The beauty of a natural playground is that each playground is specifically designed to fit the existing landscape, King said. The buyers decide what they want, add can even add a rocky hill, or whatever they can think up, at any time down the road. The options are endless, just like nature.

“If you think of your favorite place to go in the woods,” King said, “that’s what we try to create. ... We create a miniaturized landscape and the kids have a ball.”

He recently added to one playground a 40-foot-long dinosaur made of twigs, and a bridge to span a land gap to one playground, he said.

“When (buyers) get into it, there’s a lot of creativity that happens,” he said. “It’s just phenomenal.”

In this aspect, the natural playground fits very well with the Montessori educational method, Stern said.

Italian educator Maria Montessori developed an educational model in the late 19th century that emphasizes self-directed activity on the part of the child, stressing physical activity in absorbing academic concepts.

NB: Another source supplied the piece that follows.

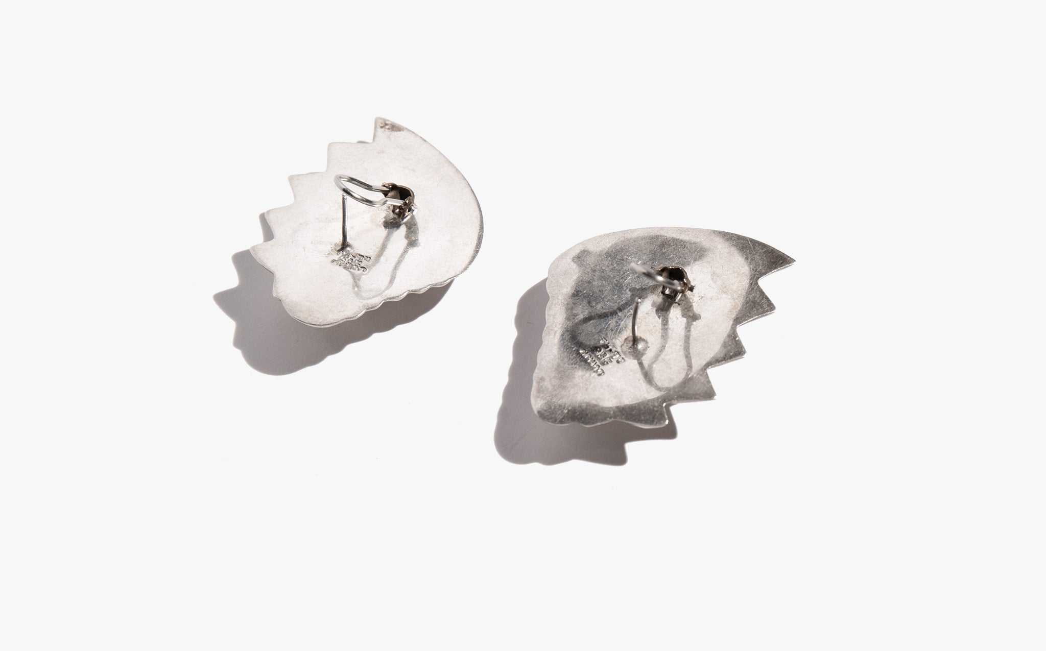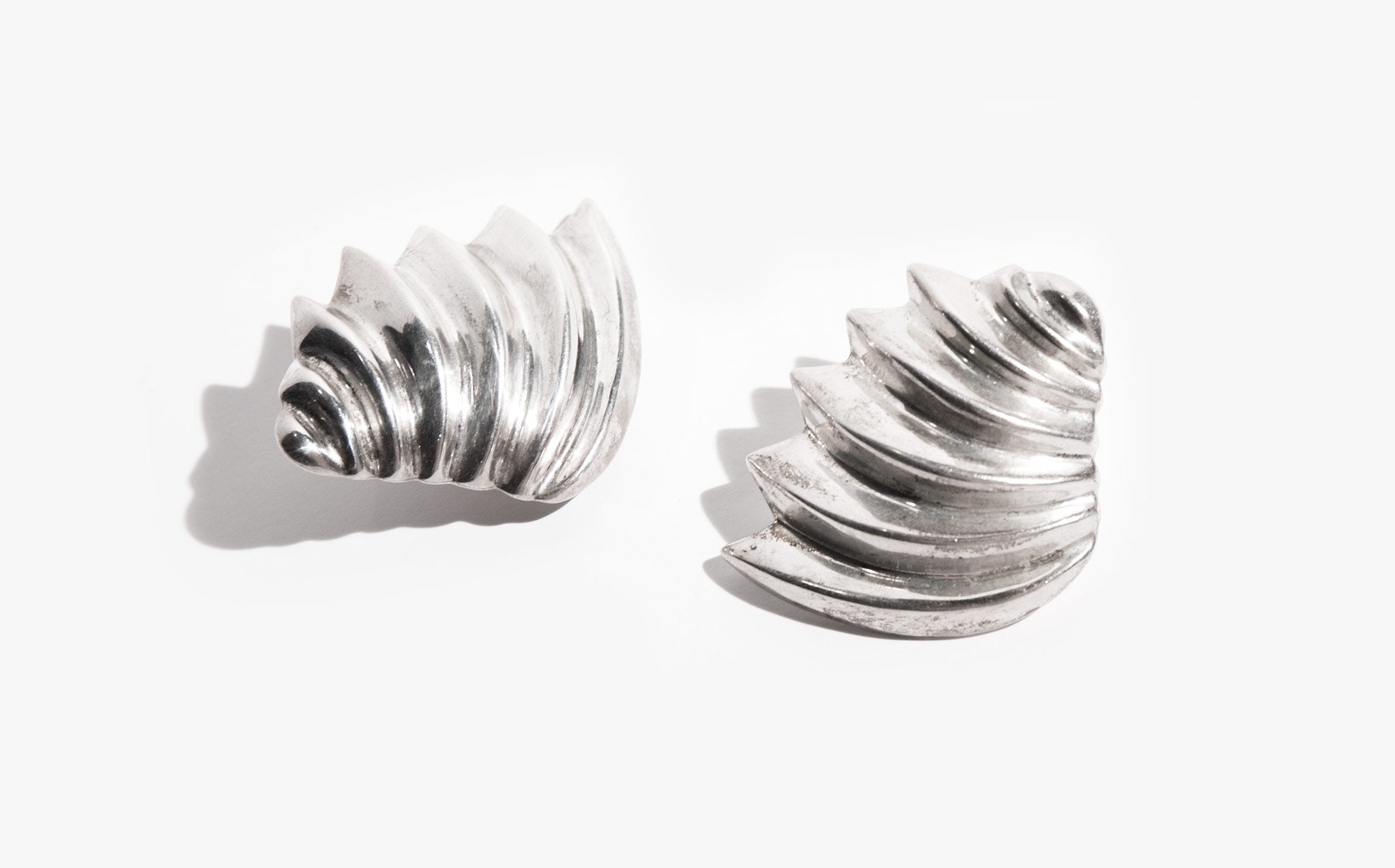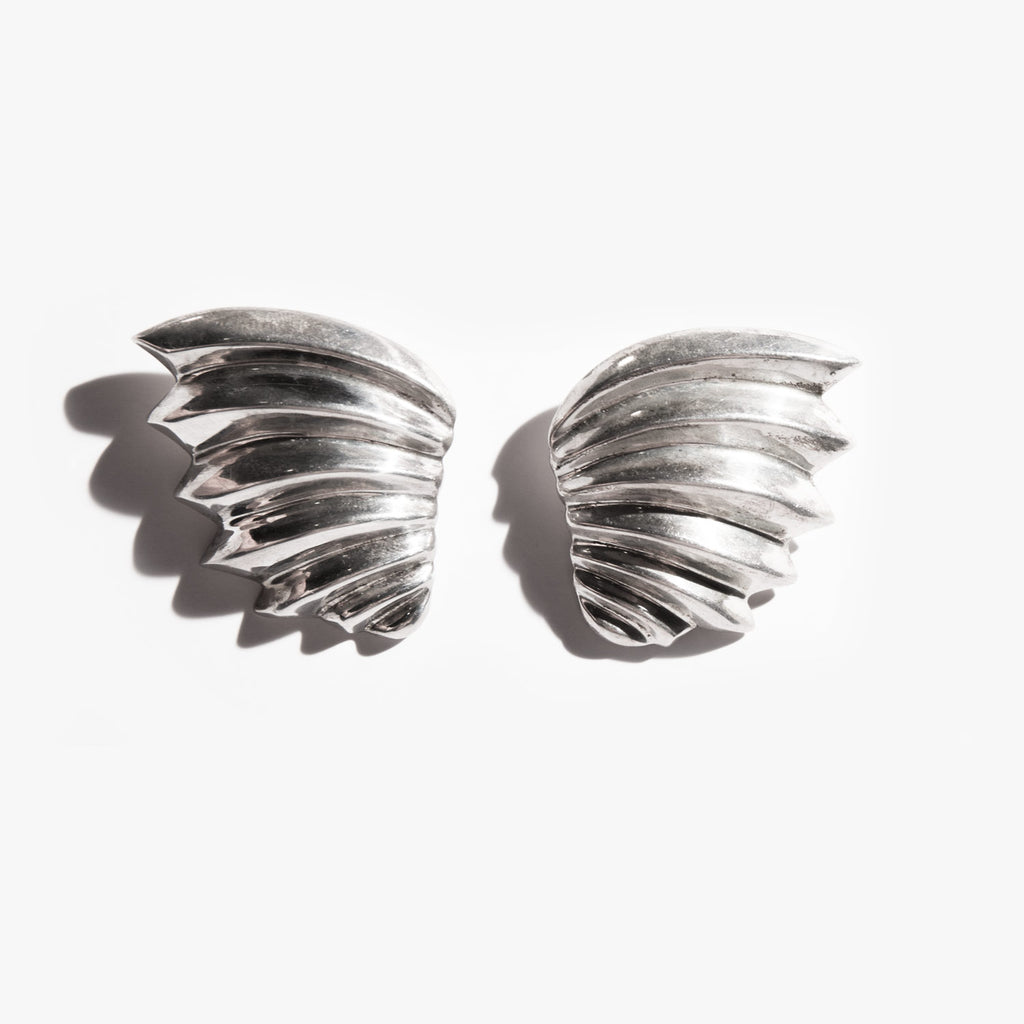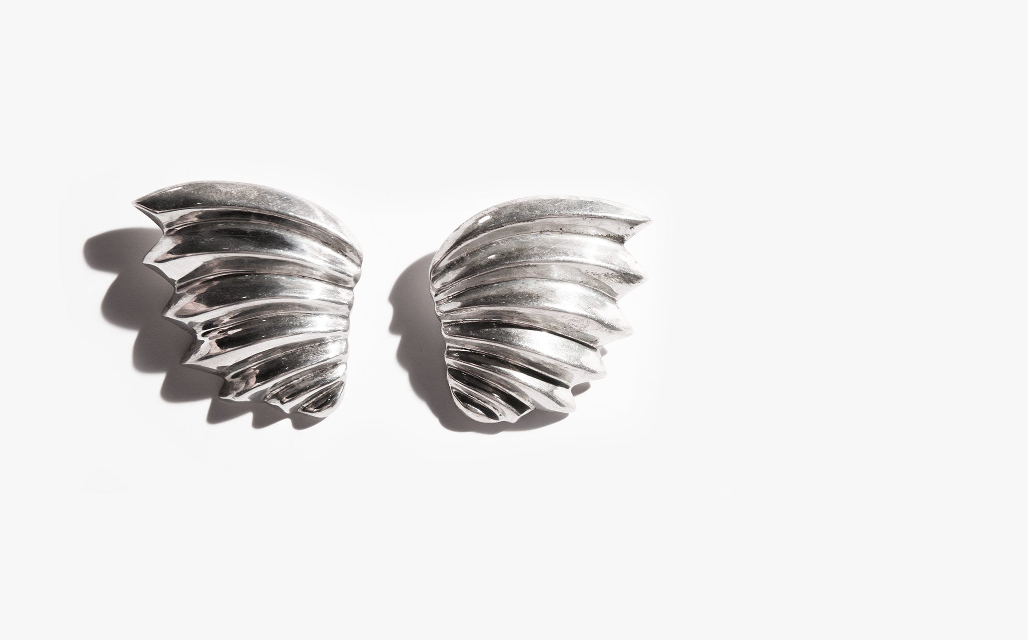 The wings of Hermes – large, eye-catching, ridged sterling silver earrings.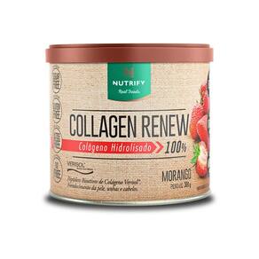 Kit 5 collagen renew colágeno hidrolisado morango nutrify 300g Benefícios: fortalecimento da pele, unhas e cabelos. A firmeza e a sustentação de nossa pele estão diretamente relacionadas à produção de colágeno pelo organismo, que diminui progressivamente ao longo dos anos, ocasionando flacidez e outros sinais de envelhecimento. À base de colágeno hidrolisado, a fórmula de collagen renew nutrify também 2,5 g de peptídeos bioativos de colágeno verisol em cada porção, ajudando a recuperar a firmeza dos tecidos, melhorando sua aparência. Collagen renew nutrify é isento de açúcar, lactose, glúten, corantes e adoçantes artificiais, e conta com adição de vitaminas e minerais antioxidantes, que favorecem a absorção dos peptídeos e promovem o fortalecimento de unhas e cabelos. Nutrify valoriza a origem de cada ingrediente, respeita a integridade de suas fontes naturais e dos envolvidos em sua produção. É assim que criamos produtos saudáveis e saborosos, que fazem bem para as pessoas e para o planeta. Acreditamos que nutrir corpo e mente de modo saudável nos torna capazes de alimentar o mundo com atitudes positivas. Ingredientes: colágeno hidrolisado, colágeno hidrolisado bioativo verisol , mix de vitaminas e minerais vitamina c ácido ascórbico , vitamina e dl alfa-acetato de tocoferol , zinco sulfato de zinco mono-hidratado , vitamina a acetato de retinol , cromo picolinato de cromo , selênio selenito de sódio , vitamina h biotina e vitamina d colecalciferol , acidulante ácido cítrico, aromatizante natural, corante vermelho beterraba e edulcorante estévia. Não contém glúten. Contém aromatizante. Este produto não é um . Não exceder a recomendação diária de consumo indicada na embalagem. Mantenha fora do alcance de crianças. Este produto é recomendado para adultos a partir de 19 anos. Apresentação: embalagem disponível: lata contendo suplemento em pó. Sabor morango. Peso líquido: 300 g produto classificado como: suplemento alimentar de proteína, vitaminas e minerais em pó sabor de morango.

The playground would lend itself to teaching through doing, said Horatio Potter, president of Learning Cirle’s board of trustees.

Standard playgrounds don’t do that, Kempt said.

Even worse, children outgrow monkey bars and other playground equipment or become bored and do things that can result in injuries. Learning Circle’s existing playground, for example, is now too small for the older children,” she said.

Once children outgrow normal equipment, they use it improperly to stay occupied, King said.

“They climb up slides, jump off playgrounds or hide under them,” he said. “I used to wait ‘til the swing was at the very highest point and jump off.”

Last spring, King gave a presentation to Learning Circle’s faculty, parents and children. He showed children pictures of streams and hills placed next to pictures of various playgrounds, and he’d ask, “Would you want to play here or here?” Kempt said.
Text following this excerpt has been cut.